Лестница знакомее, чем дом родной. Она полна разбитых комнат, где проживали индейцы, механики, автомотогонщики, летчики, паровозные машинисты, сыщики, охотники, мореплаватели, преступники, полицейские. Там было расстреляно три тысячи заколдованных малолеток. Он сам умирал там сто девятнадцать раз и бывал ранен по меньшей мере однажды в день. Твердая рука перил вела его в школу. У него на спине сидел карлик, который толкал его и правил пропущенными под мышки вожжами. Карлик чинил его карандаш и пачкал ластик. Он грохотал крышкой парты. Он расстегивал пуговицу штанов. Он истолковывал дела наоборот, но только тогда, когда говорил сам Пелтола-школьник. На этой лестнице умер старый Силандер. Он лез по ступенькам на пятый этаж и, добравшись до верхней площадки, выпрямился. И тогда остановилось сердце. Он упал на площадке. Жена соседа шла в молочную, но вернулась обратно, так как подумала, что какой-то пьяный заснул на лестнице. Она постучала в стенку Силандера и просила выйти на помощь, но в квартире Силандера тогда уже кашляли его родственники.
До третьего этажа лестницу украшала прелестная Лайла Нюберг.
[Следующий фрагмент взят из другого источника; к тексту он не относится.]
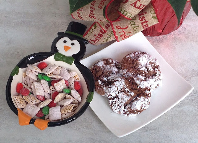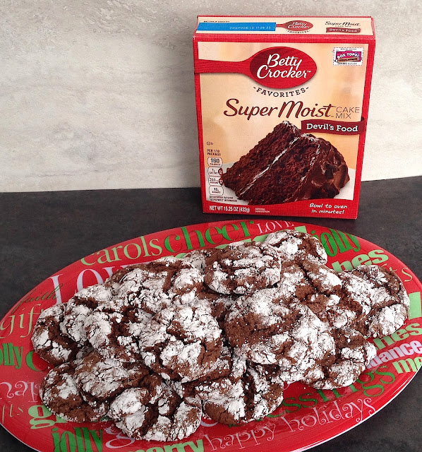 Now once the Chex mix was done, I needed cookies. Cookies, of course, are an integral part of the holiday baking season, so I decided to make a quick batch of crinkle cookies. Again, Winco didn't fail me and I picked up Betty Crocker Devil's Food Cake mix and whipped topping. I already had the basics like eggs and powdered sugar at home. Crinkle cookies are so easy to make, just 4 ingredients, with one being the cake mix and they look really pretty when they are done. They also are a nice, chewy, almost brownie like cookie, so they are perfect with a cup of tea. (If you don't want chocolate, swap out the Devil's Food Cake mix for Betty Crocker Super Moist Yellow Cake Mix.)

Когда она вышла замуж, обнаружилось, что на этих стенках было пять женских имен: Туула, Анникки, Сиркка, Тертту и Сольвейг и лишь одно мужское имя, Маркку, но оно было нацарапано позже. Там были следующие изречения: «Мимо», «Тертту Мякиля», «Приходи сюда завтра в шесть — получишь». Ступени разламывались на большие куски. Многие пробовали соединять обломки. Он тоже как-то думал соединить куски с самого верха до двери внизу. Для этого бы понадобились нож, долото и топор, но работа превратилась бы из добровольной в принудительную.
Пелтола тихо прокрался к своей двери, чтоб та не начала приветствовать его «гау, гау». Потер подошвы сапог о штанины и послюнявил ключ во рту. Прикрыл дверь за собой, затаив дыханье, но она лязгнула, как будто проглотила банку. На вешалке в передней висели два халата, запачканные цементом. Из кармана одного торчал топор, а оттопыренный внутренний карман другого был набит трехдюймовыми гвоздями. Под полкой стояли две пары резиновых сапог. На полке — шапка с прилипшей глиной и фуражка.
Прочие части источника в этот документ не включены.